So much of the academic tradition does not connect. I cannot see how this is true of critical criminology either politically or in terms of its relationship to "the grain" of everyday life. The ten ironies I have listed would seem to me to be as important today as they ever were, in fact all the more so with the growth of the American gulag, the penchant for the scapegoating of the poor, the immigrant and the drug user, and the way in which crime control has become a major currency of politics. As for everyday life, Garland may believe that the rational choice and routine activities theories go with the grain of everyday life in late modernity - indeed his most recent book, The Culture of Control, uses such theories as its explanatory basis - but such neo-liberal discourses capture only a limited part of that reality. Contrast this with a critical criminology which insists that out there, in a world of broken narratives where economic and ontological insecurity abounds, where crime, far from being mundane and calculative, is transgressive and sensual, where punishment is frequently vituperative and vindictive and where society, rather than being a one-dimensional scenario of rational contractual atoms, is divisive, contested, contradictory and ironic (see Young, forthcoming; Hayward, 2002).

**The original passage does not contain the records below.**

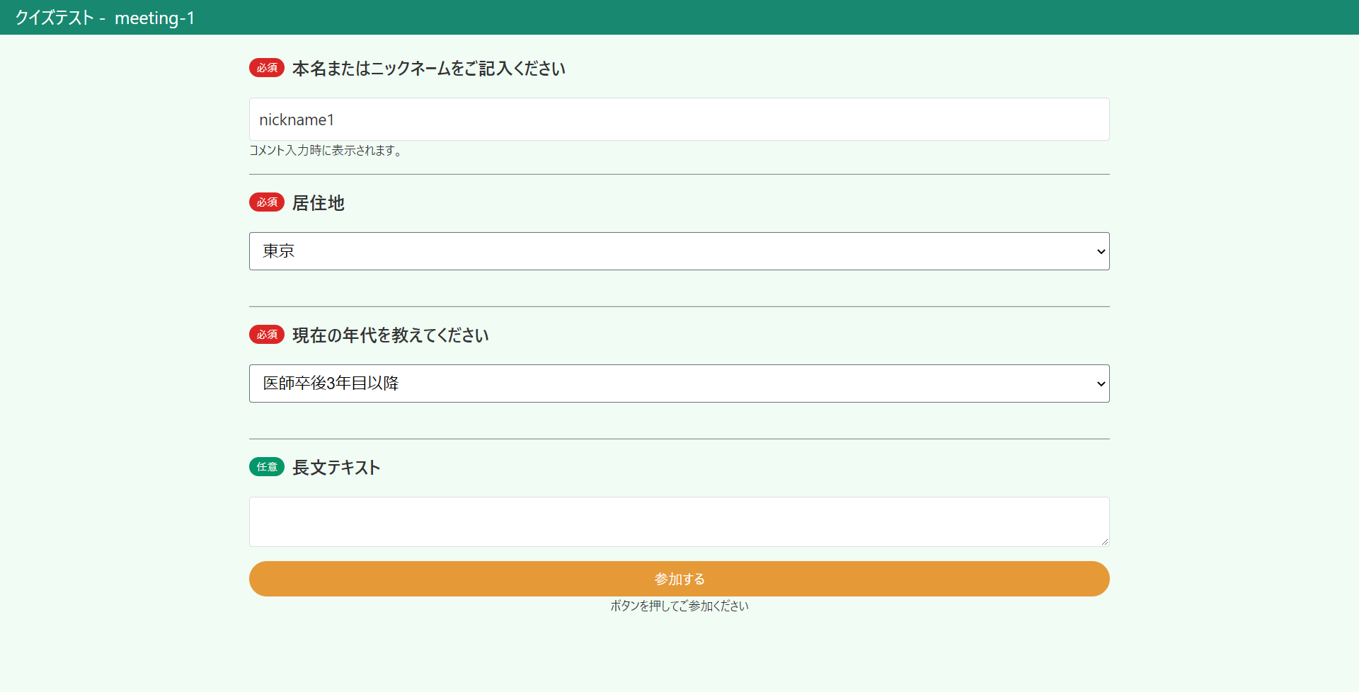 気軽にコメントができるように、ニックネームや番号での参加設定ができます。会議中の変更も可能です。
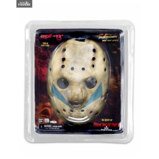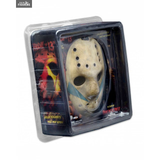 Réplique officielle du masque de Jason Voorhees en résine, à l'échelle 1/1. Le fabricant est NECA.
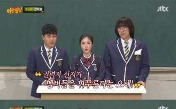 '아는형님' 신지가 코요태 내 실세를 밝혔다.23일 오후 방송된 JTBC '아는형님'에서는 데뷔 20주년을 맞은 그룹 코요태가 전학생으로 출연했다.이날 강호동은 "모두 신지가 실세인 줄 알지만 가장 보살이라고 하던데?"라고 질문했다. 신지는 "데뷔 후 많은 분들이 내가 주도권을 다 잡고 휘두른다고 생각하더라. 그런데 실제 권력자는 김종민이 하고 있고 요즘은 더 제멋대로다"라고 폭로해 웃음을 안겼다.이를 들은 김희철은 "예전에 슈퍼주니어 데뷔 초창기 때 '신인시절 잘못하면 끌려가는 4대 천왕이 있었다. 백지영, (쿨의) 유리, 채리나, 신지였다"라며 "되게 무서웠는데 알고보니 정말 친절했다. 가짜 소문이었다"고 말했다. 이에 신지는 "그 소문을 만들어낸 것도 김종민이다"라고 털어놔 눈길을 끌었다. 홍신익 기자 hong.shinik@jtbc.co.kr 2019.02.23 21:24
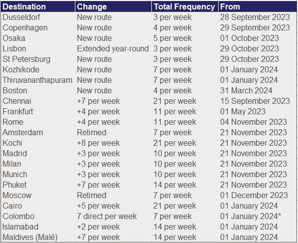 *콜롬보 - 2023년 12월 1일부터 매주 3회 항공편 운항 *말레 – 2023년 12월 1일부터 3회 추가 운항
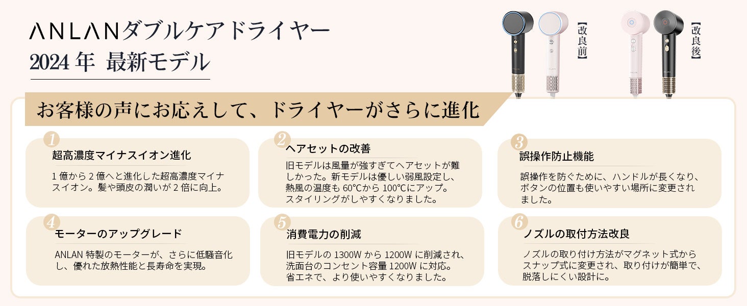 お客様から寄せられた声をもとに、より使いやすく、髪と頭皮に優しいドライヤーへと進化しました。今回の改良により、毎日のヘアケアがより快適になります。
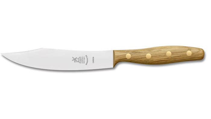 Als je het nog niet opgevallen was, ik hang erg aan traditie en kwaliteit. Ik denk daarnaast dat het niet altijd nodig is om het wiel opnieuw uit te vinden. Bij het zoeken naar een handzaam vleesmes in het assortiment van Robert Herder, liep ik tegen de Hechtsabels aan, een mes met een traditie van meer dan 100 jaar. Geschikt voor vlees, worst en mooi genoeg voor op tafel. Alleen kon het zwaar werk aan? Het uitbenen en portioneren van gevogelte en wild was mijn doel. Na een aantal prototypes besloten we om het mes een kesselschliff te geven of stabil te maken. Daarnaast is het handvat iets doorgetrokken om een vingerbescherming of 'krop' te maken. Ook met dit mes hebben we een jaar proefgedraaid, vele kippen zijn ermee opgedeeld, uitgeklapt en uitgeserveerd. We hebben er wilde en tamme eend mee schoongemaakt en er grote stukken vlees mee bijgesneden voor ze op de barbecue gingen. Dit mes was samen met het brisketmes, de aanleiding voor deze set en we zijn er apetrots op.

Finally, as to the role of critical criminology as the midwife to reaction. The criticisms evolved in the seventies were directed against the fact that prisons failed to rehabilitate and that a quasi-medical model of rehabilitation was growing with notions of 'treating' offenders and involving indeterminate sentences to be served until 'cure' was achieved. That is, it was directed against the failure of the prisons and fake notions of rehabilitation. These arguments were not an argument against rehabilitation per se, although, as was constantly indicated, if the conditions which led to crime were ameliorated there would be considerably less people in prison needing rehabilitation. That right wing commentators seized upon the obvious inadequacies of the prison was scarcely the 'fault' of critical criminology. The spin they put on the facts of failure was a product of New Right thinking, not of criminological radicals. As it is the extensive expansion in recent years of quasi-medical treatment programmes for drug abuse and various offences, the massive rise of cognitive behavioural programmes within prisons (see Carlen, 2002) and the concomitant emergence of individual positivism in the shape of psychological criminology in the academy not only invalidates Garland's claim of a transition away from penal-welfarism but underscores the need for a renewal of critique on precisely the same lines as before.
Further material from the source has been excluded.